[Dataset records]
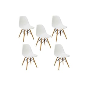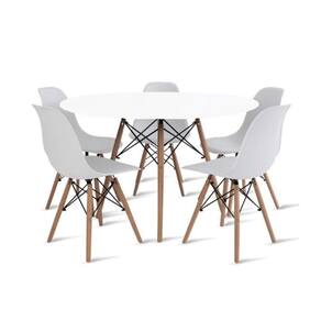 O Conjunto de Mesa de Jantar Eames Eiffel é a combinação perfeita de elegância e funcionalidade. Com uma mesa redonda de 110cm de diâmetro e tampo em MDF branco, ele traz um toque de sofisticação e luminosidade para sua sala de jantar. A base da mesa e das 5 cadeiras Eiffel são em madeira maciça, garantindo durabilidade e resistência. As cadeiras, com assento em polipropileno, oferecem conforto e um design atemporal que se adapta facilmente a qualquer ambiente.
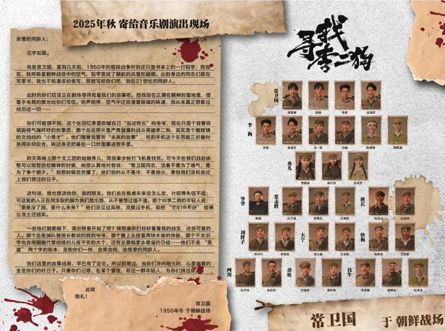 音樂創作上,《尋找李二狗》既保留沂蒙山小調、陝北民歌等的傳統民族韻味,又以現代編曲手法貼近年輕觀衆的審美。有衝鋒號角化作重金屬音樂震顫耳膜,也有《家書》《長眠》等唱段的細膩旋律勾勒戰火中的個體命運,成爲推動劇情、塑造人物的關鍵。
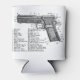 A vintage image of a gun diagram for a semi-automatic 45 caliber handgun.
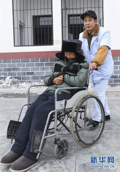2019年12月27日,重庆奉节县草堂镇失能供养中心的工作人员用轮椅推着失能人员到室外活动。新华社记者王全超摄
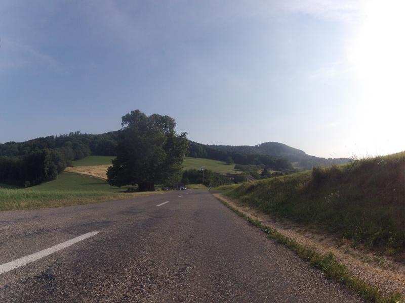 Danach nach Mönthal hinunter und im Schatten der Ampferenhöhe wieder hinauf. Jedoch fehlte mir die Lust nach dem Doppelbuckel der Ampferen später auf der asphaltierten Passstrasse auf den Bözberg hinauf zu kurbeln. Deshalb nahm ich kurzerhand den Feldweg zur Sennhütten hinauf. Aus früheren Fahrten (Monate / Jahre seither?) hatte ich dieses Strässchen in eher schlechter Erinnerung. Doch heute war ich angenehm überrascht.
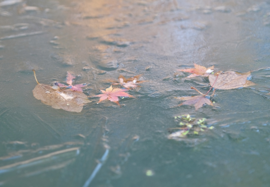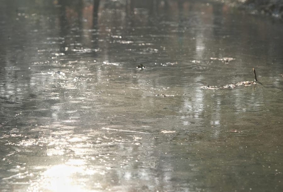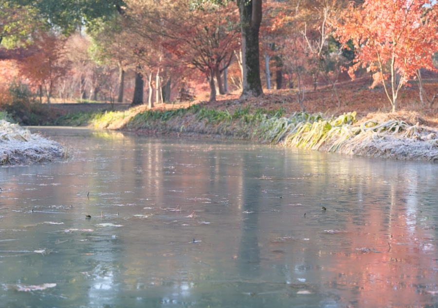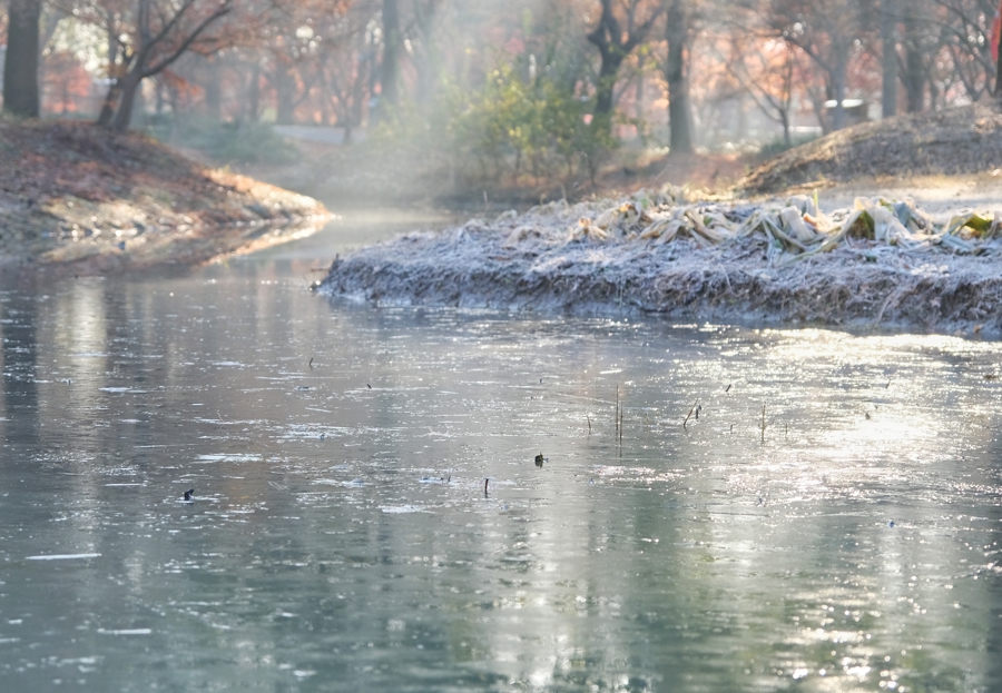 12月15日清晨,受辐射降温影响,申城寒气逼人,郊区最低-4℃,有冰冻。在金山区朱泾镇花开海上生态园,秋景园区域的小河道因低温结起了一层薄冰。
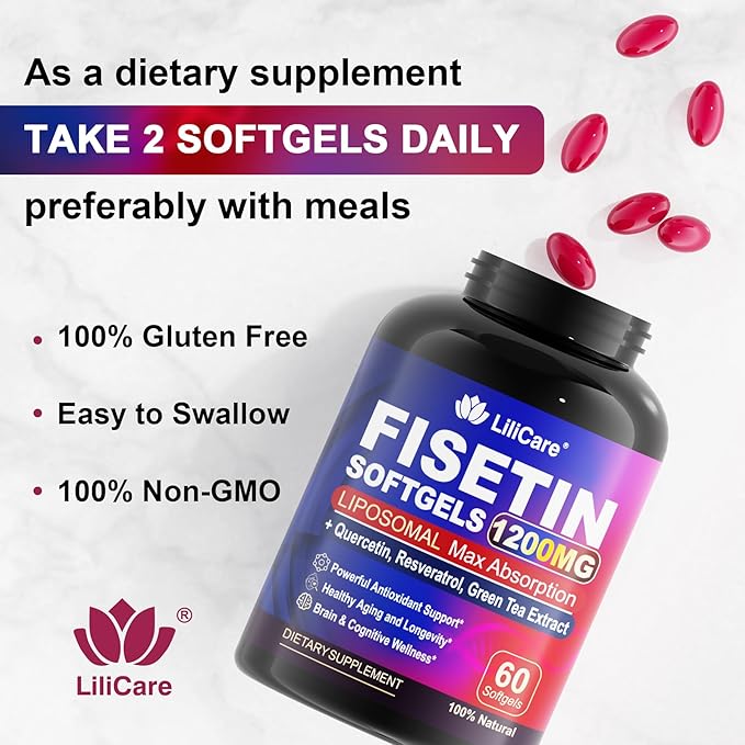 - [Excellent Formula]: Our Fisetin Softgels feature a premium formula, combining 98% pure Fisetin with powerful antioxidants like quercetin, resveratrol, and green tea extract for enhanced brain and cellular health. Unlike other brands, our liposomal delivery system boosts absorption by 10x, maximizing the effectiveness of each dose. While others may offer basic Fisetin, our comprehensive blend delivers unparalleled support for cognitive function, healthy aging, and overall vitality.
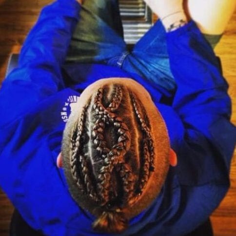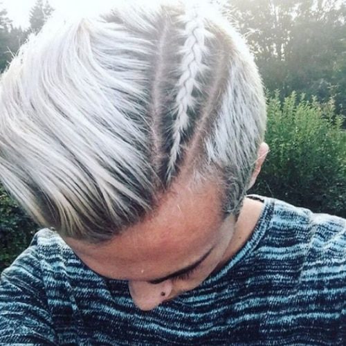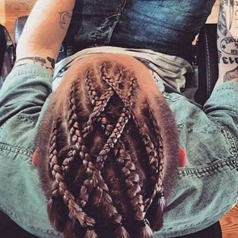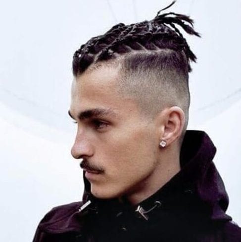 Ett annat sätt där du kan utforma Man -flätor är att korsa dem ovanpå ditt huvud. På detta sätt kommer du att sluta med en fantastisk sammankopplad väv av flätor som slutar i en liten hästsvans. Låt utseendet sticker ut ännu mer genom att para ihop den med rakade sidor .
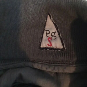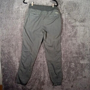 this pants are cotton linen blend pants. there soft n comfy, pull on elastic waistband..adjustable strings ..two front n back pockets. they are in color dark gray. they have white soap stain on the waist. I'm sure it can come off as washed...approx measurements Rise:13" length"31" long waist:14" ..measurements are taken flat lay..
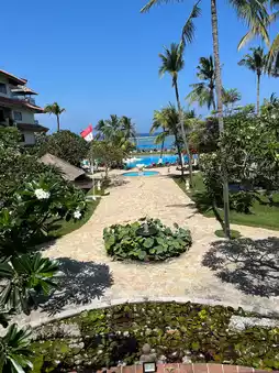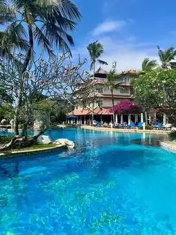 Stay in a sea view room and enjoy the stunning sea view and sunrise from the terrace every day 🌅. The bathroom is very spacious, with a separate bathtub. Enjoy the sunbeds by the pool, and the happy hour at Aloha Bar is particularly memorable. A short taxi ride will take you to Kuta and Legian. Breakfast and dinner offer a wide variety of delicious food, perfect for couples on their honeymoon 💑.
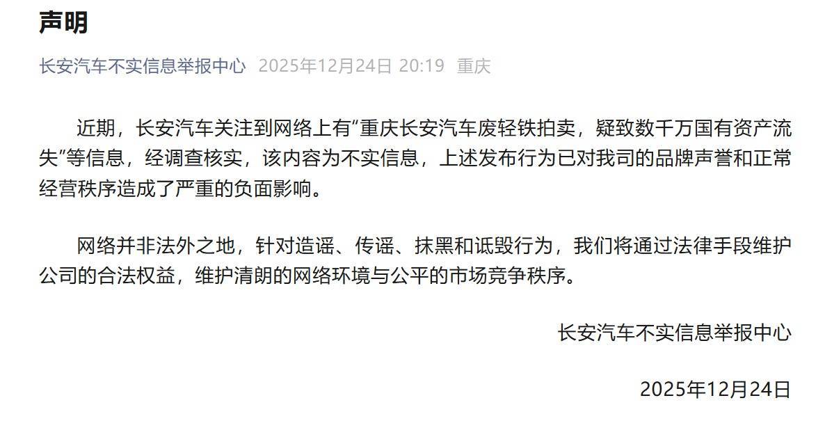 12月24日,长安汽车空虚信息举报中心发布声明:
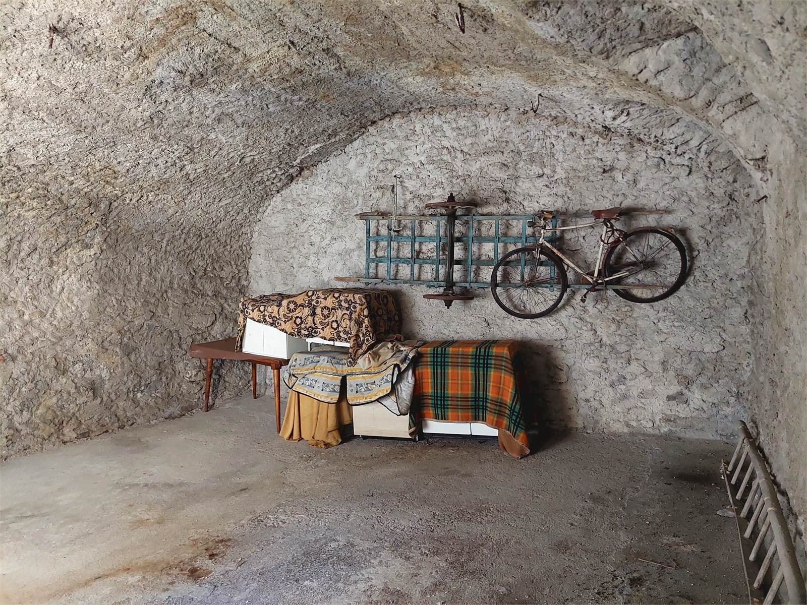 The garage is dry and immediately usable, the vaulted ceiling and perimeter walls are solid, even though the rest of the building requires complete renovation starting from the roof.
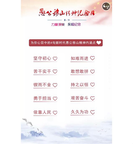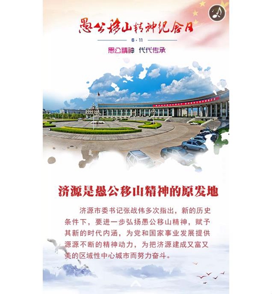 愚公移山精神是中華民族的寶貴精神財(cái)富,是黨和人民事業(yè)永續(xù)發(fā)展的力量源泉,受到黨和國(guó)家領(lǐng)導(dǎo)人的高度重視,成為中國(guó)精神、民族精神的代表。2017年濟(jì)源將每年的6月11日設(shè)立為“愚公移山精神紀(jì)念日”,旨在線(xiàn)進(jìn)一步傳承中華民族精神。
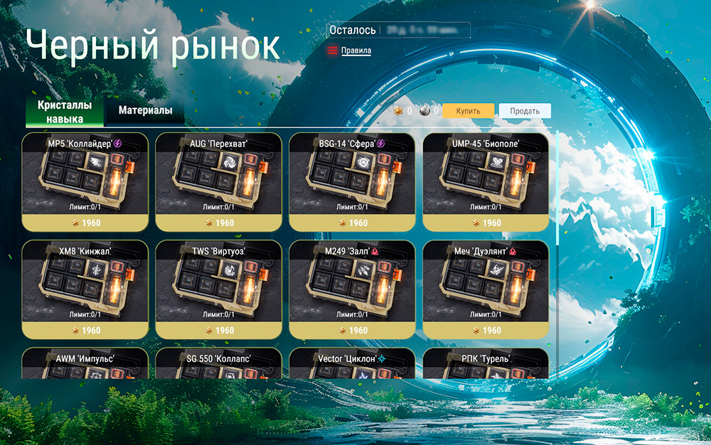 Здесь можно продавать и покупать кристаллы навыка и образцы памяти, а также материалы для их улучшения. Валютой здесь являются золотые и серебряные жетоны. Обрати внимание, что продать используемые или заблокированные предметы снаряжения не получится.
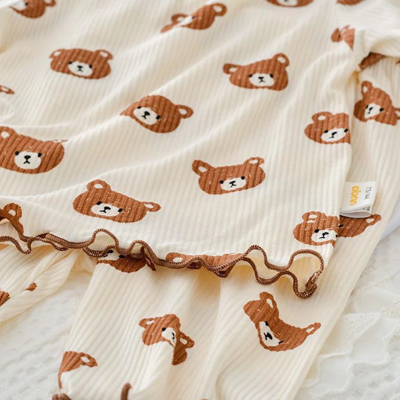 Color: Beige, Kid Size: 10 - Summer Printing Short-Sleeved Loungewear Suit Boys And Girls Pajamas Pants Two-Piece Set 2-6 Years Old Robe
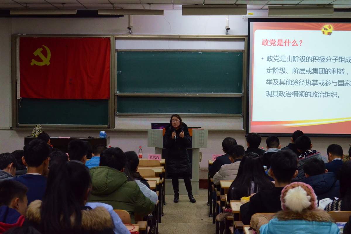 巨乳a片 第271期学生业余党校第一讲正式开始。马克思主义巨乳a片副院长刘丽敏老师先从当代大学生不同的入党动动机讲起,纠正了部分学子为求职、从政等现实条件的便利而选择入党错误认识,强调了端正入党动机的重要性。同时,刘丽敏老师还举出现任科学技术部部长万钢同志以及前卫生部部长陈竺同志从无党派人士到入党从政的历程,给在场学子道出了未来从政政治条件广阔的现实情况进一步纠正了同学们的错误认识。在场的同学无不纷纷点头认同,对刘丽敏老师表示认同。紧接着,刘丽敏老师从“十八大”“两会”“十一届三中全会”等基础名词与同学们进行互动,回顾了政治基础知识,进一步加深对了解中国共产党的运作架构。而后,刘丽敏老师从对党章的基本认识、党章修改历程的回顾以及修改党章的必要性、解读新党章、实践党章争做合格党员四个部分带领给在场的同学系统地学习了党的宪法――党章,强调了“纪在法先”的基本概念。刘丽敏老师谈及修改党章的必要性时说道,修改党章是党总结经验不断进步,在统一思想的前提下积极推进视野的重要举措;在解读新党章这部分,刘丽敏老师呼吁在场的老师和同学们贯彻落实中共“两学一做”的号召投身于实践中去,同时给我们解读了十八大带来的新政策和新思想。在最后,刘丽敏老师鼓励我们积极实践党章,从中国共产党以及作为一个共产党员的应然概念中,提出了我们应争做一个除了有公民使命感以及道德良性素养的“好人”,还具备党性素养以及党识的人的希冀,积极投身于拥护中国共产党的行列中去,自信自强。在刘丽敏老师的美好祝愿与同学们的热烈掌声下,巨乳a片 第271期学生业余党校第一讲至此结束。
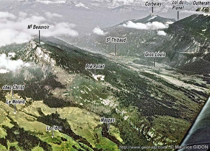 Cette aggravation du décapage de l'anticlinal par l'érosion est due avant tout au fait que l'axe anticlinal et sa voûte s'élèvent progressivement, du nord vers le sud : de ce fait l'altitude de la voûte des calcaires du Fontanil à la Cochette est presque la même que celle de la base de l'Urgonien à la pointe sud de l'Outheran. Il est à présumer que la faiblesse de la différence d'altitude entre ces deux éminences est due au fait que c'est peu au dessus de leur altitude que la surface d'aplanissement du quaternaire ancien a coupé presque horizontalement la voûte du pli (provoquant ainsi son éventrement ultérieur, à l'occasion des érosions plus récentes). |
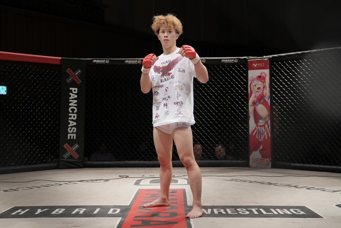みたび送り手を掴むとパウンド。亀になる藤野に右のパウンド連打! 仰向けになるも背中を着かされる藤野はやはりラバード、ニンジャチョーク狙い。インサイドガードの柴山は細かいボディ打ち連打でホーン。ドミネートされた藤野はすぐには立ち上がれずダメージが大きい。
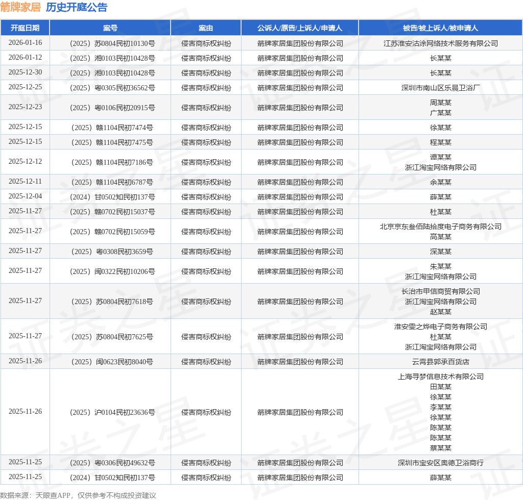 案号:(2025)粤0307民初27041号根据统计,近一年内以箭牌家居集团股份有限公司为当事人的历史开庭公告有499则,其中案由为“侵害商标权纠纷”的公告以437则居首,其次为“商标权权属、侵权纠纷”有20则,“不正当竞争纠纷”有8则。历史开庭公告(前20条)如下:

* _Activity_: What is needed is a verbatim copy of the entries, leaving out any pictures.

* _Response to this task_:
 O Conjunto de Mesa de Jantar Eames Eiffel é a combinação perfeita de elegância e funcionalidade. Com uma mesa redonda de 110cm de diâmetro e tampo em MDF branco, ele traz um toque de sofisticação e luminosidade para sua sala de jantar. A base da mesa e das 5 cadeiras Eiffel são em madeira maciça, garantindo durabilidade e resistência. As cadeiras, com assento em polipropileno, oferecem conforto e um design atemporal que se adapta facilmente a qualquer ambiente.
 音樂創作上,《尋找李二狗》既保留沂蒙山小調、陝北民歌等的傳統民族韻味,又以現代編曲手法貼近年輕觀衆的審美。有衝鋒號角化作重金屬音樂震顫耳膜,也有《家書》《長眠》等唱段的細膩旋律勾勒戰火中的個體命運,成爲推動劇情、塑造人物的關鍵。
 A vintage image of a gun diagram for a semi-automatic 45 caliber handgun.
2019年12月27日,重庆奉节县草堂镇失能供养中心的工作人员用轮椅推着失能人员到室外活动。新华社记者王全超摄
 Danach nach Mönthal hinunter und im Schatten der Ampferenhöhe wieder hinauf. Jedoch fehlte mir die Lust nach dem Doppelbuckel der Ampferen später auf der asphaltierten Passstrasse auf den Bözberg hinauf zu kurbeln. Deshalb nahm ich kurzerhand den Feldweg zur Sennhütten hinauf. Aus früheren Fahrten (Monate / Jahre seither?) hatte ich dieses Strässchen in eher schlechter Erinnerung. Doch heute war ich angenehm überrascht.
 12月15日清晨,受辐射降温影响,申城寒气逼人,郊区最低-4℃,有冰冻。在金山区朱泾镇花开海上生态园,秋景园区域的小河道因低温结起了一层薄冰。
 - [Excellent Formula]: Our Fisetin Softgels feature a premium formula, combining 98% pure Fisetin with powerful antioxidants like quercetin, resveratrol, and green tea extract for enhanced brain and cellular health. Unlike other brands, our liposomal delivery system boosts absorption by 10x, maximizing the effectiveness of each dose. While others may offer basic Fisetin, our comprehensive blend delivers unparalleled support for cognitive function, healthy aging, and overall vitality.
 Ett annat sätt där du kan utforma Man -flätor är att korsa dem ovanpå ditt huvud. På detta sätt kommer du att sluta med en fantastisk sammankopplad väv av flätor som slutar i en liten hästsvans. Låt utseendet sticker ut ännu mer genom att para ihop den med rakade sidor .
 this pants are cotton linen blend pants. there soft n comfy, pull on elastic waistband..adjustable strings ..two front n back pockets. they are in color dark gray. they have white soap stain on the waist. I'm sure it can come off as washed...approx measurements Rise:13" length"31" long waist:14" ..measurements are taken flat lay..
 Stay in a sea view room and enjoy the stunning sea view and sunrise from the terrace every day 🌅. The bathroom is very spacious, with a separate bathtub. Enjoy the sunbeds by the pool, and the happy hour at Aloha Bar is particularly memorable. A short taxi ride will take you to Kuta and Legian. Breakfast and dinner offer a wide variety of delicious food, perfect for couples on their honeymoon 💑.
 12月24日,长安汽车空虚信息举报中心发布声明:
 The garage is dry and immediately usable, the vaulted ceiling and perimeter walls are solid, even though the rest of the building requires complete renovation starting from the roof.
 愚公移山精神是中華民族的寶貴精神財(cái)富,是黨和人民事業(yè)永續(xù)發(fā)展的力量源泉,受到黨和國(guó)家領(lǐng)導(dǎo)人的高度重視,成為中國(guó)精神、民族精神的代表。2017年濟(jì)源將每年的6月11日設(shè)立為“愚公移山精神紀(jì)念日”,旨在線(xiàn)進(jìn)一步傳承中華民族精神。
 Здесь можно продавать и покупать кристаллы навыка и образцы памяти, а также материалы для их улучшения. Валютой здесь являются золотые и серебряные жетоны. Обрати внимание, что продать используемые или заблокированные предметы снаряжения не получится.
 Color: Beige, Kid Size: 10 - Summer Printing Short-Sleeved Loungewear Suit Boys And Girls Pajamas Pants Two-Piece Set 2-6 Years Old Robe
 巨乳a片 第271期学生业余党校第一讲正式开始。马克思主义巨乳a片副院长刘丽敏老师先从当代大学生不同的入党动动机讲起,纠正了部分学子为求职、从政等现实条件的便利而选择入党错误认识,强调了端正入党动机的重要性。同时,刘丽敏老师还举出现任科学技术部部长万钢同志以及前卫生部部长陈竺同志从无党派人士到入党从政的历程,给在场学子道出了未来从政政治条件广阔的现实情况进一步纠正了同学们的错误认识。在场的同学无不纷纷点头认同,对刘丽敏老师表示认同。紧接着,刘丽敏老师从“十八大”“两会”“十一届三中全会”等基础名词与同学们进行互动,回顾了政治基础知识,进一步加深对了解中国共产党的运作架构。而后,刘丽敏老师从对党章的基本认识、党章修改历程的回顾以及修改党章的必要性、解读新党章、实践党章争做合格党员四个部分带领给在场的同学系统地学习了党的宪法――党章,强调了“纪在法先”的基本概念。刘丽敏老师谈及修改党章的必要性时说道,修改党章是党总结经验不断进步,在统一思想的前提下积极推进视野的重要举措;在解读新党章这部分,刘丽敏老师呼吁在场的老师和同学们贯彻落实中共“两学一做”的号召投身于实践中去,同时给我们解读了十八大带来的新政策和新思想。在最后,刘丽敏老师鼓励我们积极实践党章,从中国共产党以及作为一个共产党员的应然概念中,提出了我们应争做一个除了有公民使命感以及道德良性素养的“好人”,还具备党性素养以及党识的人的希冀,积极投身于拥护中国共产党的行列中去,自信自强。在刘丽敏老师的美好祝愿与同学们的热烈掌声下,巨乳a片 第271期学生业余党校第一讲至此结束。
 Cette aggravation du décapage de l'anticlinal par l'érosion est due avant tout au fait que l'axe anticlinal et sa voûte s'élèvent progressivement, du nord vers le sud : de ce fait l'altitude de la voûte des calcaires du Fontanil à la Cochette est presque la même que celle de la base de l'Urgonien à la pointe sud de l'Outheran. Il est à présumer que la faiblesse de la différence d'altitude entre ces deux éminences est due au fait que c'est peu au dessus de leur altitude que la surface d'aplanissement du quaternaire ancien a coupé presque horizontalement la voûte du pli (provoquant ainsi son éventrement ultérieur, à l'occasion des érosions plus récentes). |
みたび送り手を掴むとパウンド。亀になる藤野に右のパウンド連打! 仰向けになるも背中を着かされる藤野はやはりラバード、ニンジャチョーク狙い。インサイドガードの柴山は細かいボディ打ち連打でホーン。ドミネートされた藤野はすぐには立ち上がれずダメージが大きい。
 案号:(2025)粤0307民初27041号根据统计,近一年内以箭牌家居集团股份有限公司为当事人的历史开庭公告有499则,其中案由为“侵害商标权纠纷”的公告以437则居首,其次为“商标权权属、侵权纠纷”有20则,“不正当竞争纠纷”有8则。历史开庭公告(前20条)如下:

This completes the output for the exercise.